1. In consideration for the promises and agreements of the Parties as set forth herein, Medco agrees to pay to the United States $137,500,000.00 (the “Settlement Amount”), plus interest as described in the letter from Medco to the United States of October 3, 2006 (the “Interest Letter”). The Settlement Amount shall constitute a debt immediately due and owing on the Effective Date (as defined in Paragraph 32 below) of this Agreement. Medco agrees to pay the full Settlement Amount to the United States by electronic funds transfer pursuant to written instructions to be provided by the United States Attorney’s Office for the Eastern District of Pennsylvania. Medco agrees to make this electronic funds transfer within fourteen (14) calendar days of the Effective Date of this Agreement.

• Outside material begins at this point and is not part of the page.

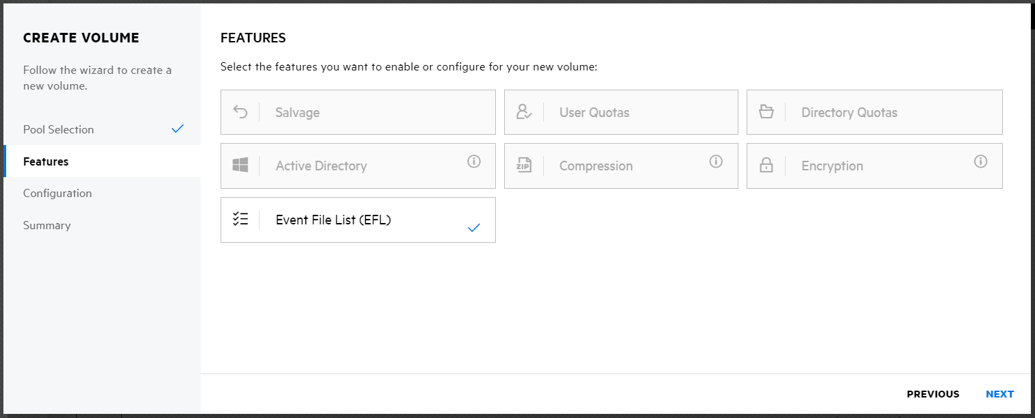 On the FEATURES page, select the features you want to enable for the new volume, and click NEXT.
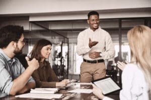 We share knowledge and encourage others to develop. Our initiatives range from Lab Weeks where interested people can meet and develop a specific theme, to our Digital Accelerator. In the Digital Accelerator, students from different backgrounds come together to find daring and innovative solutions for a strategic challenge of one of our customers in a short space of time. Students learn more about themselves, develop themselves and can make an impact on an organization.

2. Subject to the exceptions set forth in Paragraph 7 below, and in consideration of the obligations of Medco set forth in this Agreement, conditioned upon Medco’s full and timely payment of the Settlement Amount, the United States (on behalf of itself, its officers, agents, agencies, and departments), releases Medco and each of its past and present officers, directors, employees (including Collins), attorneys, insurers, and assigns of any of the foregoing (each a “Medco Released Party” and, collectively, the “Medco Released Parties”) from any civil or administrative monetary claim that the United States has or may have for the Covered Conduct under the False Claims Act, 31 U.S.C. §§ 3729-3733; the Civil Monetary Penalties Law, 42 U.S.C. § 1320a-7a; the Program Fraud Civil Remedies Act, 31 U.S.C. §§ 3801-3812; the Public Contract Anti-Kickback Act, 41 U.S.C. § 51, et seq.; any and all common law causes of action for fraud, unjust enrichment, payment by mistake, or breach of contract; and any civil monetary claim arising under the aforementioned statutes and common law theories based on a violation of the Federal health care program anti-kickback statute, 42 U.S.C. § 1320a-7b(b).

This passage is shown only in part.